Charumini DE SILVA
Sri Lanka’s total foreign reserves are close to exceed the US $ 6 billion, Central Bank Governor Ajith Nivard Cabraal told Daily News Business.
This is mainly due to factors such as favourable response from the foreign investors, increased remittances, increased export proceeds and tranches of the International Monetary Board (IMF) Stand-By-Agreement.
The foreign reserves of the country have recorded a 15 percent growth compared to the end of 2009, which was US $ 5.2 billion.
“There is a tremendous growth in foreign reserves during the first half of this year compared to the corresponding period of 2009. The lowest foreign reserves of US $ 1.2 billion were recorded in March last year,” he said.
Having a large amount of foreign reserves assures and provides confidence to the public that the banking regulator has the ability of repaying the loans, imports and on due time as well, Cabraal said.
The majority of the foreign remittances were from Sri Lankan migrant workers in the Middle-East, which accounts for 60 percent while 20 percent are from the European countries.

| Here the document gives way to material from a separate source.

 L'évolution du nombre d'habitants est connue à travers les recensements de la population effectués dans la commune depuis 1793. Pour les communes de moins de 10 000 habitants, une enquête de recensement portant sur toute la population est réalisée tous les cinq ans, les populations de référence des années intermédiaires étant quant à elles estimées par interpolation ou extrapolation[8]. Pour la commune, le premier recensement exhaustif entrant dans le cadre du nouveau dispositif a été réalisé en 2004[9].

The remaining remittances were recorded from North America, Australia and Far East Asian countries.
The Central Bank expects foreign remittances will further expand by the end of this year.

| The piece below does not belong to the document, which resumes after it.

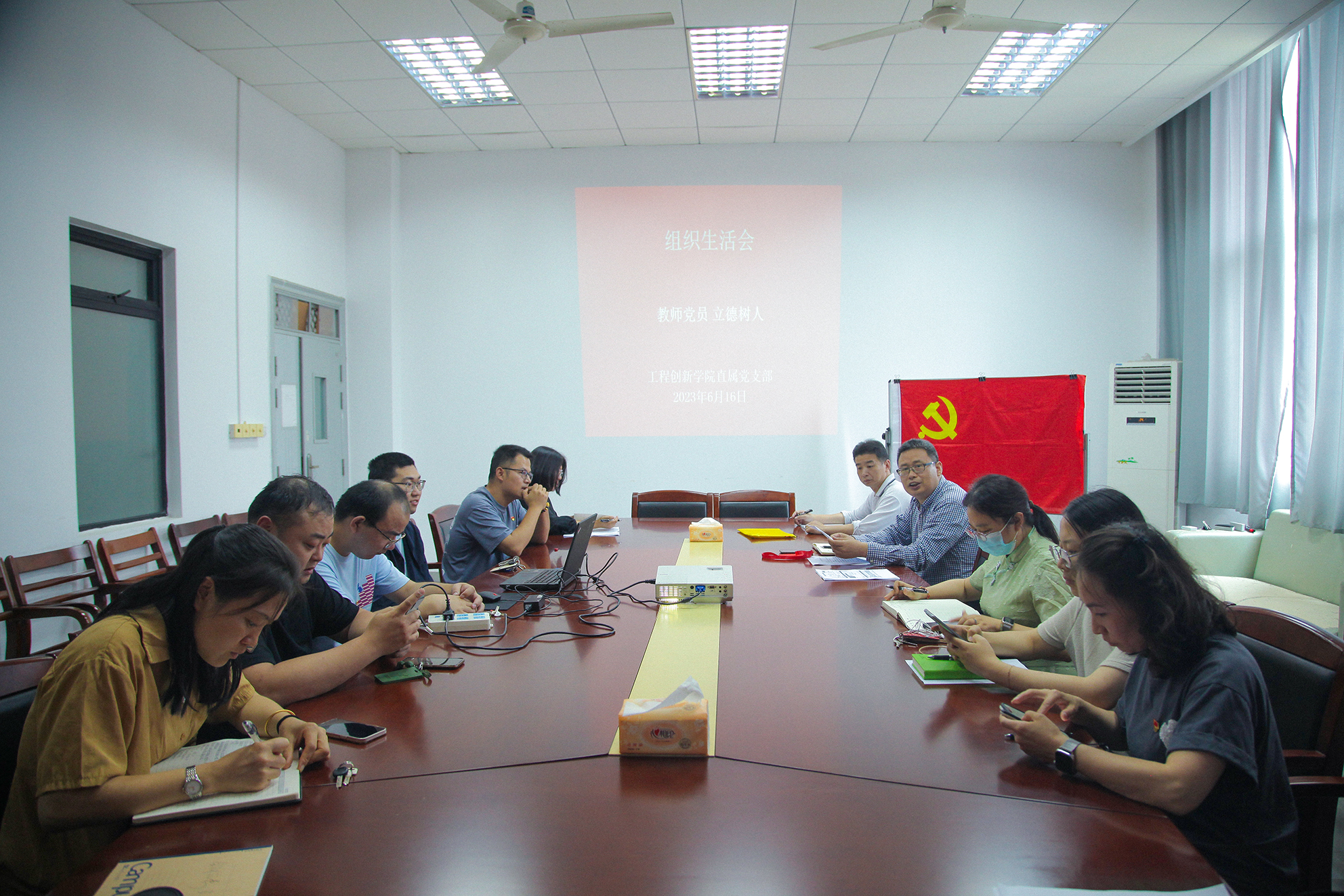 2023年6月16日中午12:15,工程创新学院直属党支部召开组织生活会,会议的主题是学习贯彻习近平新时代中国特色社会主义思想主题教育,题目是“教师党员 立德树人”。主题教育学习以教师党员领学的形式进行,工程创新学院直属党支部书记王清成、工程创新学院直属党支部副书记、常务副院长章冬云及工程创新学院、工程训练中心所有教师党员参加组织生活会,王清成主持了会议。会上,王清成再次传达暑期主题教育学习工作安排,通报党务工作自查情况,对学院暑期各项党务工作进行了具体安排部署。

He said the position of the foreign reserves is very strong.
“Putting all these aspects together we think that the monetary policy that has been put in place is a bit relaxed and the interest rates have been brought down. This will support investors and business with more space for economic activities.
The Governor said they are confident that the positive trends and factors will soon set the environment of the country’s foreign reserves to exceed the US$ six billion.
“This will ensure Sri Lanka the impetus and the momentum for the economy to grow and stabilize well,” the Governor said.